---------- Input

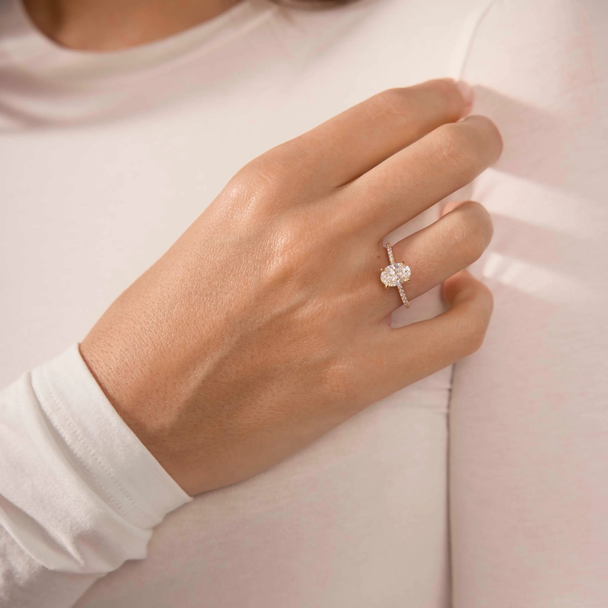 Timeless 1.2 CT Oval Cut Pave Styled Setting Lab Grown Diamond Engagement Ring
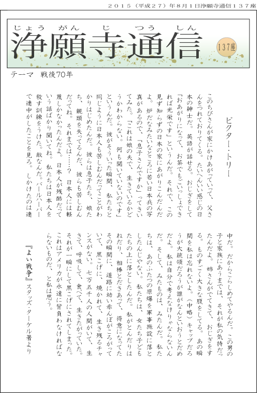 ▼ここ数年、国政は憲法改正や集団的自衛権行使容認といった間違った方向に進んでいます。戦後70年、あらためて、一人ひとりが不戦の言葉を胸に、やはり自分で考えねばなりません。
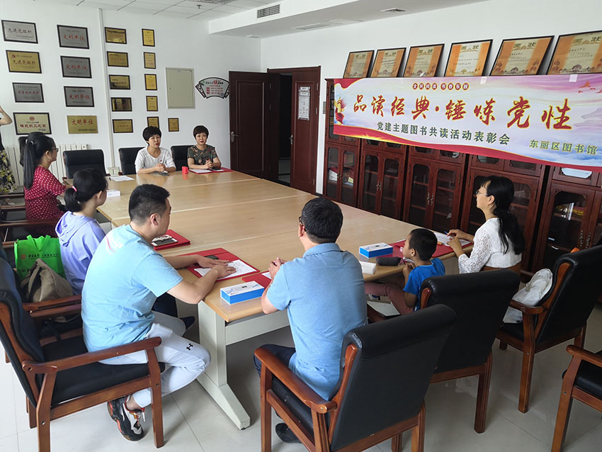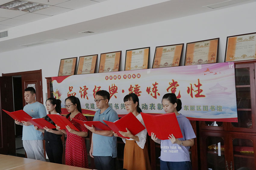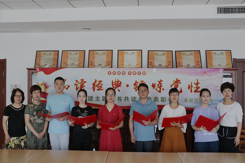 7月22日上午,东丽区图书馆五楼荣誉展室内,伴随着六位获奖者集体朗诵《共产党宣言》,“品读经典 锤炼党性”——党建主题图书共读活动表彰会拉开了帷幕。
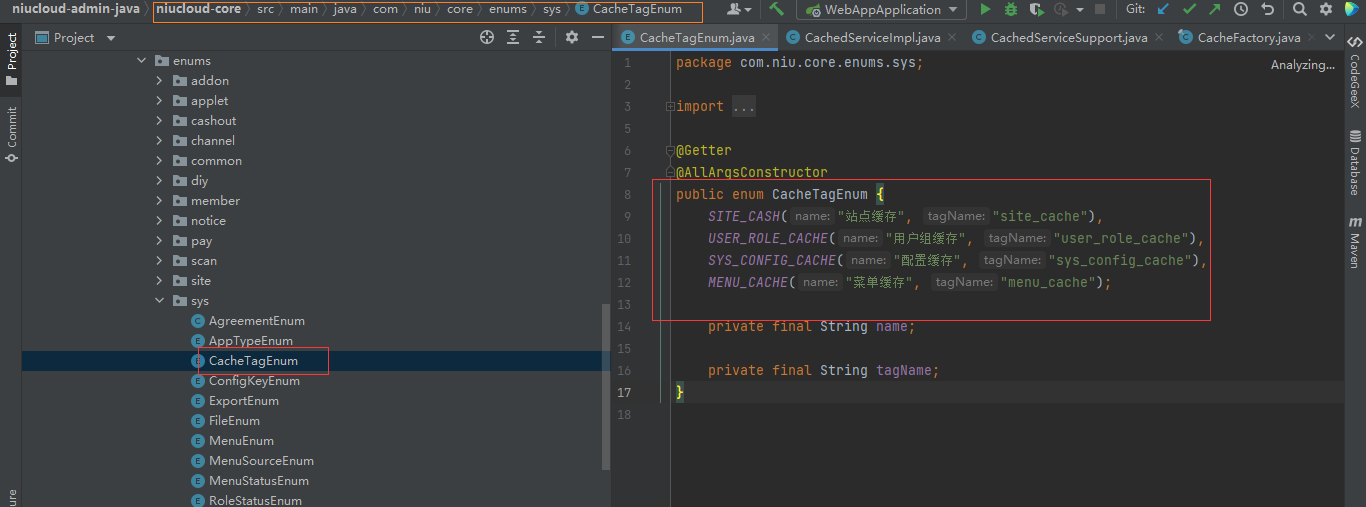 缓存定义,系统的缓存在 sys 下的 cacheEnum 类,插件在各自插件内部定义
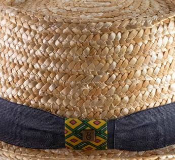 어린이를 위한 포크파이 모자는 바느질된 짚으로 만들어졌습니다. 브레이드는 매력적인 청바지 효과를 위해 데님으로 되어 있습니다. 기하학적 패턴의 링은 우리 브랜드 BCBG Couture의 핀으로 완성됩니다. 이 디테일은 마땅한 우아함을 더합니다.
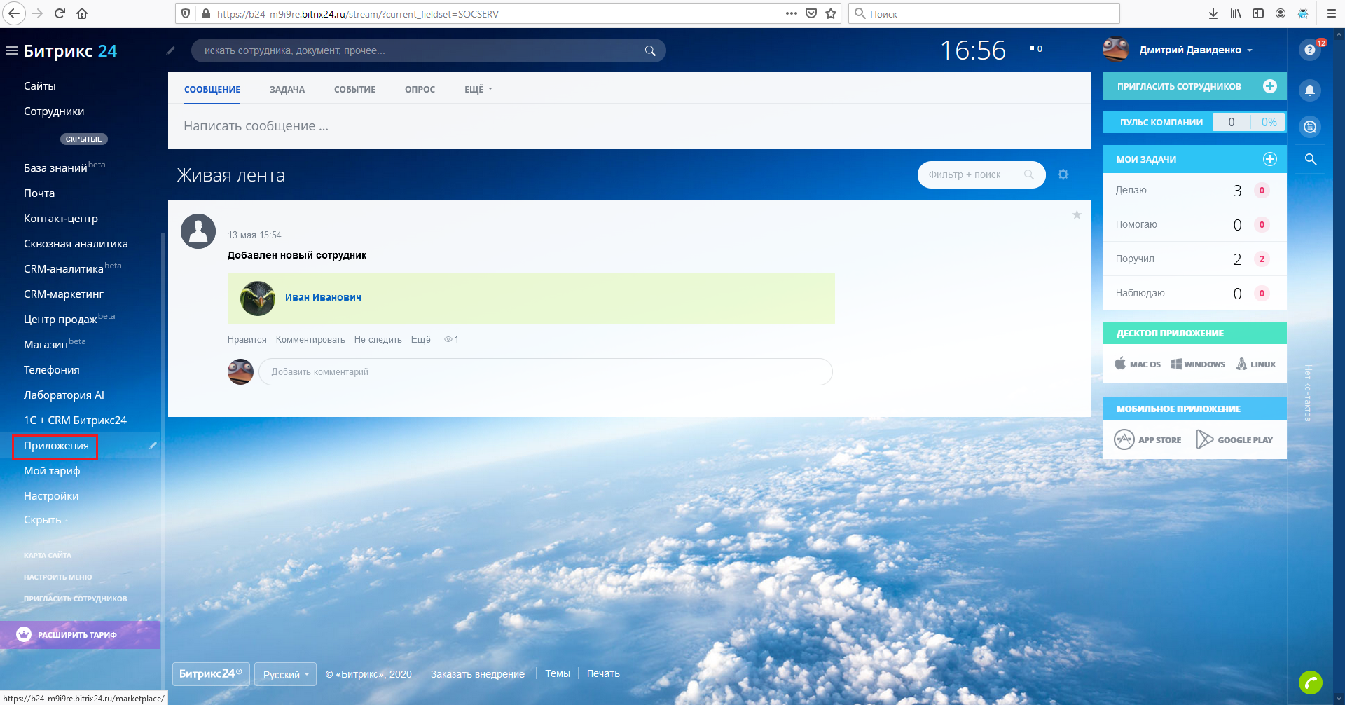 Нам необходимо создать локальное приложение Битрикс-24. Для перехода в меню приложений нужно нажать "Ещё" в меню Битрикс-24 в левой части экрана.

--------------------

→ **What you should do**
Output each line exactly as shown above; no pictures go in the copy.

→ **Answer section**
 Timeless 1.2 CT Oval Cut Pave Styled Setting Lab Grown Diamond Engagement Ring
 ▼ここ数年、国政は憲法改正や集団的自衛権行使容認といった間違った方向に進んでいます。戦後70年、あらためて、一人ひとりが不戦の言葉を胸に、やはり自分で考えねばなりません。
 7月22日上午,东丽区图书馆五楼荣誉展室内,伴随着六位获奖者集体朗诵《共产党宣言》,“品读经典 锤炼党性”——党建主题图书共读活动表彰会拉开了帷幕。
 缓存定义,系统的缓存在 sys 下的 cacheEnum 类,插件在各自插件内部定义
 어린이를 위한 포크파이 모자는 바느질된 짚으로 만들어졌습니다. 브레이드는 매력적인 청바지 효과를 위해 데님으로 되어 있습니다. 기하학적 패턴의 링은 우리 브랜드 BCBG Couture의 핀으로 완성됩니다. 이 디테일은 마땅한 우아함을 더합니다.
 Нам необходимо создать локальное приложение Битрикс-24. Для перехода в меню приложений нужно нажать "Ещё" в меню Битрикс-24 в левой части экрана.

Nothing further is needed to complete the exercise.